The face of the artificial horizon instrument includes a blue upper-half, a brown lower-half, and a dipole representation of the aircraft's wings. These elements represent the sky, ground, and aircraft, respectively. In addition, there are several reference lines throughout the top of the instrument and near the reference aircraft. The uppermost group of vertical lines indicates the angle of a bank in degrees from 10-60°, while the centered horizontal lines denote pitch.
Artificial horizons make use of an electric-powered gyroscope that is mounted on a 4-axis gimbal. While most gyroscopes are powered directly from an electric motor, many aircraft in operation employ an air-powered system. As the plane experiences a change in magnitude in either pitch or roll, the gyro will resist the positional change and move upright. This gyroscopic motion is then sensed by a series of small pendulums that, when swinging, cause a change on the instrument face.
During visual flight rule (VFR) conditions, the pilot is generally able to surmise most of the information they need about pitch and roll by looking outside the window of the cockpit, making the artificial horizon inutile in such conditions. However, when operating under instrument flight rules (IFR), the attitude indicator is checked frequently to help the flight crew orient themselves to the horizon.
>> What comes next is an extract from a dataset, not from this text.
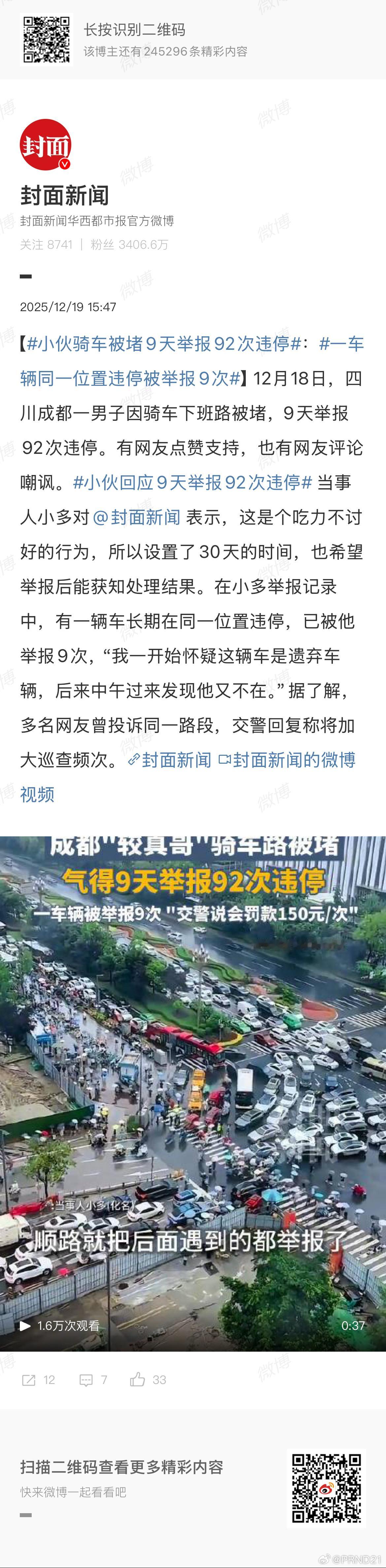小伙骑车被堵9天举报92次违停 违章停车被举报理所应当,为什么会有人嘲讽,估计它就是那个违章停车的“大聪明”吧?我也时不时就举报违章停车,北京这个举报机制是没有奖金一说的,但违章者受到惩罚,路因此少了一些阻碍,我觉得这个收益非常好,我很开心……

With incredible sensitivity, a properly functioning artificial horizon provides quick feedback on the slightest changes in pitch or roll.
While artificial horizons are used daily in flight operations across the globe without issue, there are some limitations and occasional errors produced by the instrument. For example, as the aircraft accelerates and decelerates, there is a tendency for the pitch to erroneously move due to acceleration's association with gravity. While the error is usually minute, it may last for up to 5 minutes when it occurs. Additionally, for aerobatic aircraft performing deep rolls, there may be a lingering pitch error when returning to level flight.
Before each flight, the pilot should ensure that the artificial horizon is upright and neutral. While it may appear to be banking slightly during taxiing, the roll pointer should not deviate by more than 5° in either direction before takeoff. Another sign that the instrument may need maintenance is precession, which occurs when the electric motor or air-vane system operates incorrectly or when the associated bearing component becomes worn out.